• _Dataset content_:
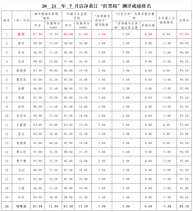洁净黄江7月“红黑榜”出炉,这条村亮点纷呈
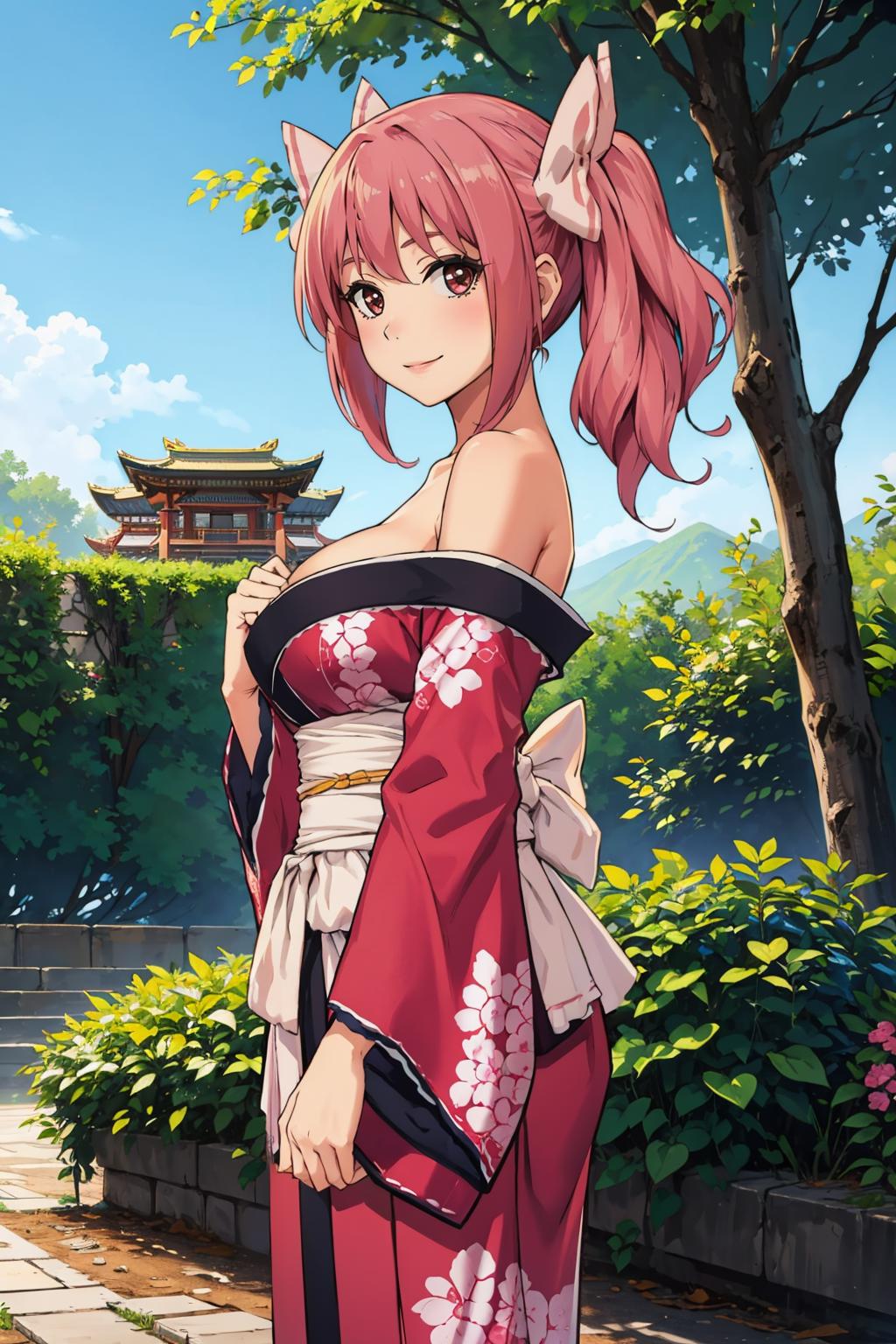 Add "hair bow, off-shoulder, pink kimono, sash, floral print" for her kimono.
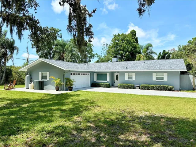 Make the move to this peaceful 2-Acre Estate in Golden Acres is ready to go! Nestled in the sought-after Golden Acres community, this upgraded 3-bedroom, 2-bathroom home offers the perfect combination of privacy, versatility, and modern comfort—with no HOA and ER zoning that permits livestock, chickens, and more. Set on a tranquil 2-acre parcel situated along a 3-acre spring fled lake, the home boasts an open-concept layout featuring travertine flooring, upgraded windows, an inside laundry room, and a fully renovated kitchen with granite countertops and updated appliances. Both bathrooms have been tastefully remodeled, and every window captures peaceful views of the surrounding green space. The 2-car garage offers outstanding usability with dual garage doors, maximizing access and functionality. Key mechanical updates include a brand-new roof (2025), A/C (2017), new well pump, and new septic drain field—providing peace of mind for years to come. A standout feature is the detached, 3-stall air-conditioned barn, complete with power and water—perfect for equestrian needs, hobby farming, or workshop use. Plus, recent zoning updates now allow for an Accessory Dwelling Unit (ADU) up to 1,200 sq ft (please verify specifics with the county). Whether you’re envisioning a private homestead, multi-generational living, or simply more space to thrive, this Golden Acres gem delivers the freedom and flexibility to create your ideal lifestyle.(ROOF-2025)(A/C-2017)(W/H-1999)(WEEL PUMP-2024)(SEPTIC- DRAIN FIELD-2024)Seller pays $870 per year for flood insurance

• _Your instructions_:
Copy word for word each line of the data above, from the first through the one containing "for her kimono.", and include no pictures.

• _Task result_:
洁净黄江7月“红黑榜”出炉,这条村亮点纷呈
 Add "hair bow, off-shoulder, pink kimono, sash, floral print" for her kimono.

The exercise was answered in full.